The part of the file I'm interested in looks something like:
# event 9
num: 1
length: 0.000000
otherstuff: 19.9 18.8 17.7
length: 0.000000 176.123456
# event 10
num: 1
length: 0.000000
otherstuff: 1.1 2.2 3.3
length: 0.000000 1201.123456
I need only the second index value of the second instance of the defined variable, in this case length. Is there a pythonic way of doing this (i.e. not sed)?
My code looks like:
with open(wave_cat,'r') as catID:
for i, cat_line in enumerate(catID):
if not len(cat_line.strip()) == 0:
line = cat_line.split()
#replen = re.sub('length:','length0:','length:')
if line[0] == '#' and line[1] == 'event':
num = long(line[2])
elif line[0] == 'length:':
Length = float(line[2])
Upvotes: 0
Views: 85
Reputation: 104111
If you can read the entire file into memory, just do a regex against the file contents:
for fn in [list of your files, maybe from a glob]:
with open(fn) as f:
try:
nm=pat.findall(f.read())[1]
except IndexError:
nm=''
print nm
If larger files, use mmap:
import re, mmap
nth=1
pat=re.compile(r'^# event.*?^length:.*?^length:\s[\d.]+\s(\d+\.\d+)', re.S | re.M)

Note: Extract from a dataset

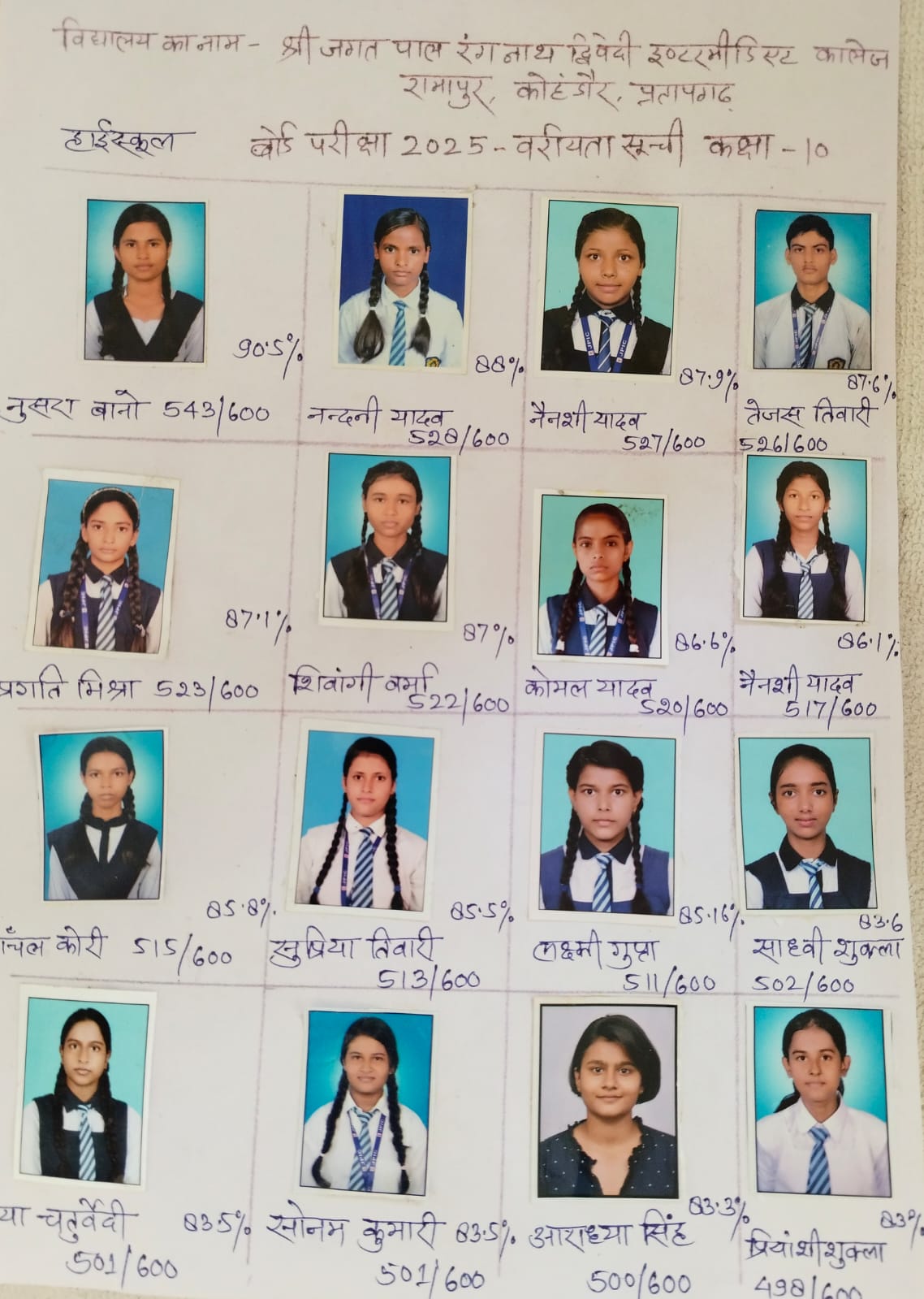 प्रतापगढ़। उत्तर प्रदेश माध्यमिक शिक्षा परिषद (UPMSP) द्वारा शुक्रवार को जारी किये गए हाईस्कूल और इंटरमीडिएट परीक्षा परिणाम में श्री जगतपाल रंगनाथ द्विवेदी इंटरमीडिएट कॉलेज, रामापुर कोहंडौर के छात्रों ने उत्कृष्ट प्रदर्शन किया है। छात्रों ने विगत वर्षों की भांति इस वर्ष के शैक्षिक सत्र 2024-2025 में भी हाईस्कूल और इंटरमीडिएट परीक्षाओं में शानदार प्रदर्शन कर एक बार फिर जनपद व क्षेत्र में विद्यालय का नाम रोशन किया है।
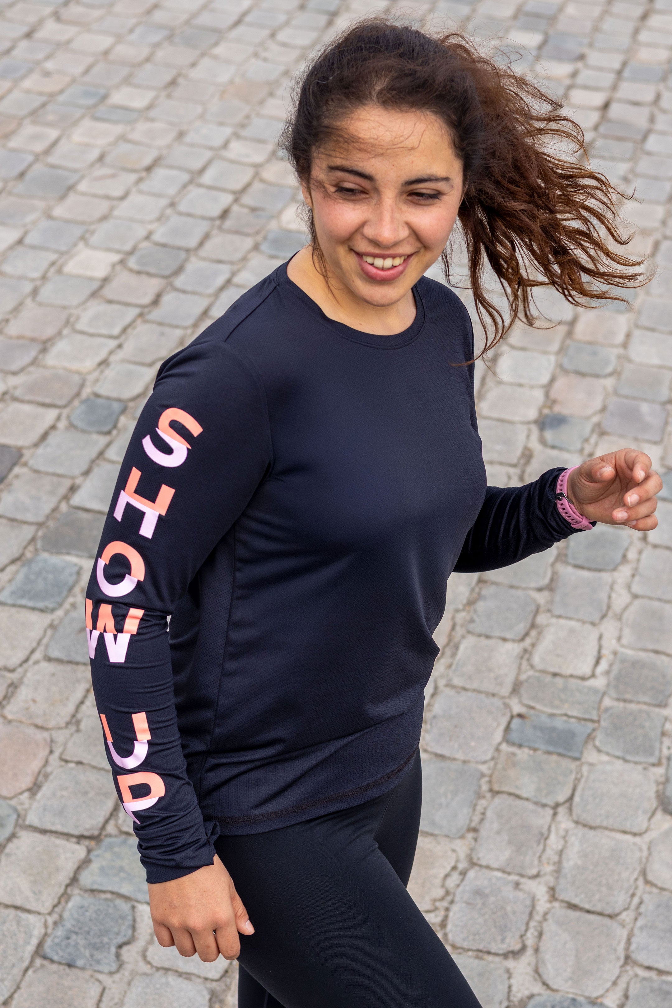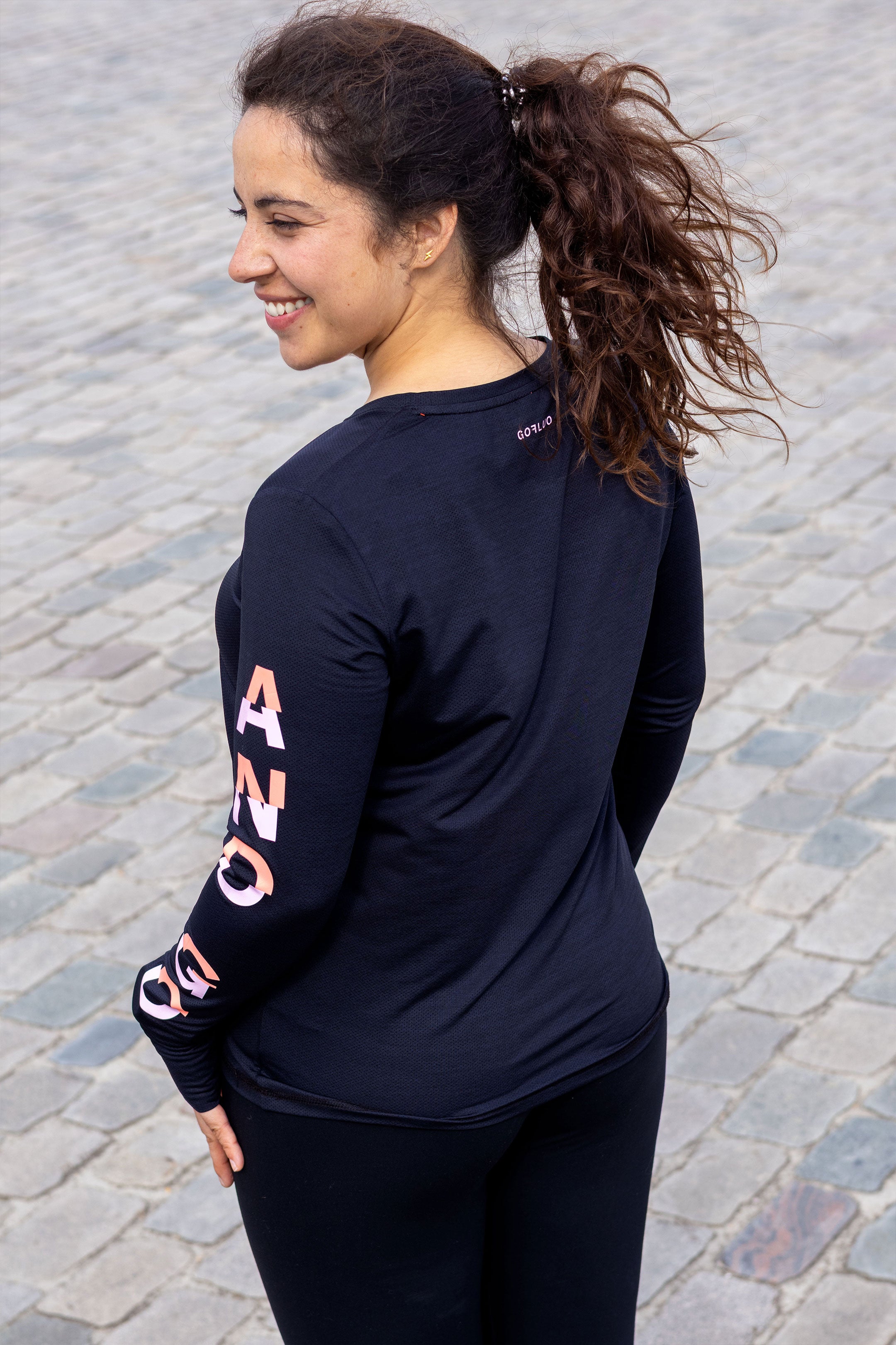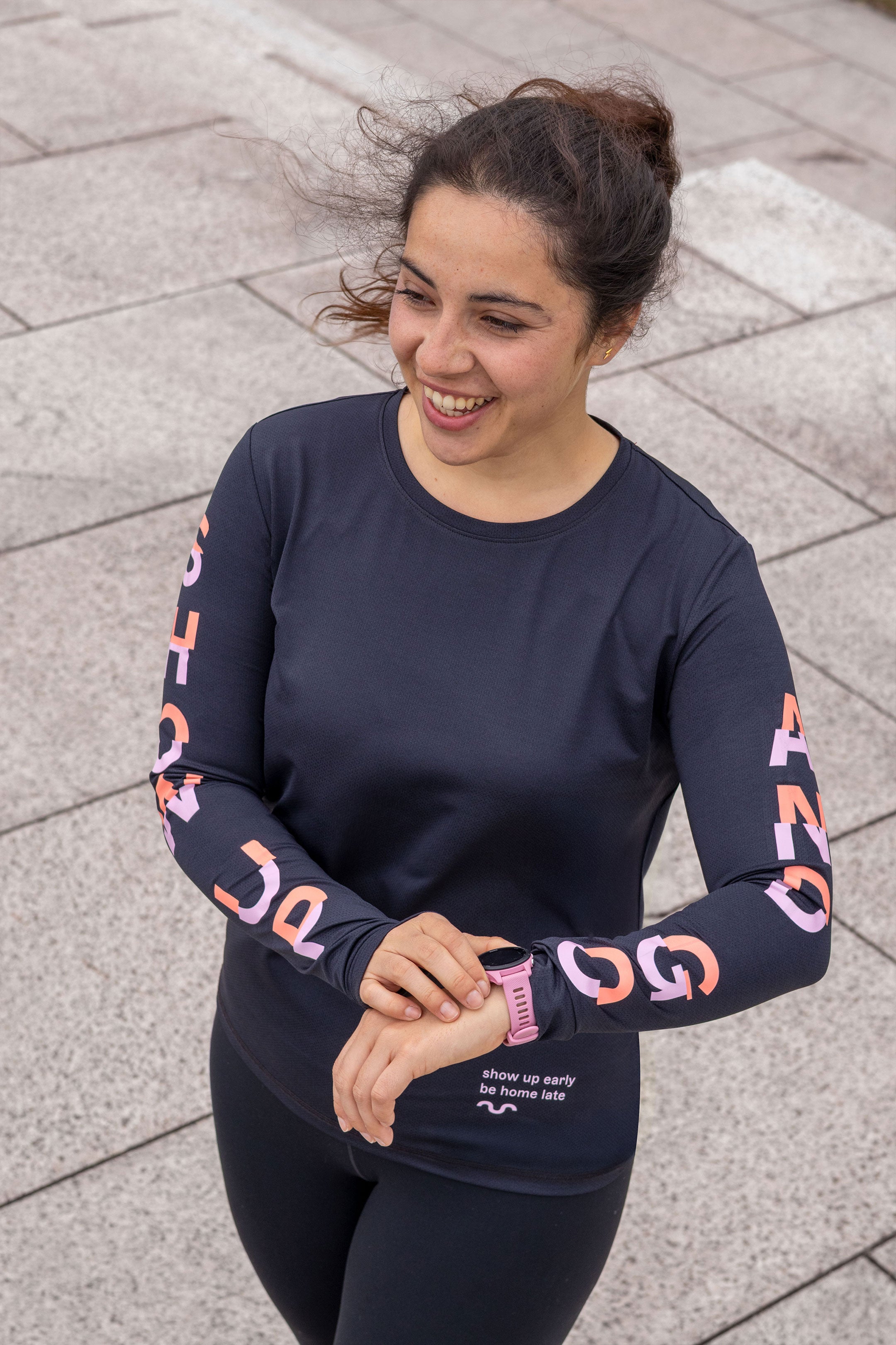 show up and go! this long sleeve shirt is made from a a recycled, ultra-soft, lightweight perforated jersey that keeps you cool, dry, and comfortable while running. it’s breathable, quick-drying, and feels extra soft against the skin.

for fn in [list of your files, maybe from a glob]:
with open(fn, 'r+b') as f:
mm = mmap.mmap(f.fileno(), 0)
for i, m in enumerate(pat.finditer(mm)):
if i==nth:
print m.group(1)
break
Upvotes: 1
Reputation: 19830
You're on the right track. It'll probably be a bit faster deferring the splitting unless you actually need it. Also, if you're scanning lots of files and only want the second length entry, it will save a lot of time to break out of the loop once you've seen it.
length_seen = 0
elements = []
with open(wave_cat,'r') as catID:
for line in catID:
line = line.strip()
if not line:
continue
if line.startswith('# event'):
element = {'num': int(line.split()[2])}
elements.append(element)
length_seen = 0
elif line.startswith('length:'):
length_seen += 1
if length_seen == 2:
element['length'] = float(line.split()[2])
Upvotes: 0
Reputation: 13596
Use a counter:
with open(wave_cat,'r') as catID:
ct = 0
for i, cat_line in enumerate(catID):
if not len(cat_line.strip()) == 0:
line = cat_line.split()
#replen = re.sub('length:','length0:','length:')
if line[0] == '#' and line[1] == 'event':
num = long(line[2])
elif line[0] == 'length:':
ct += 1
if ct == 2:
Length = float(line[2])
ct = 0
Upvotes: 0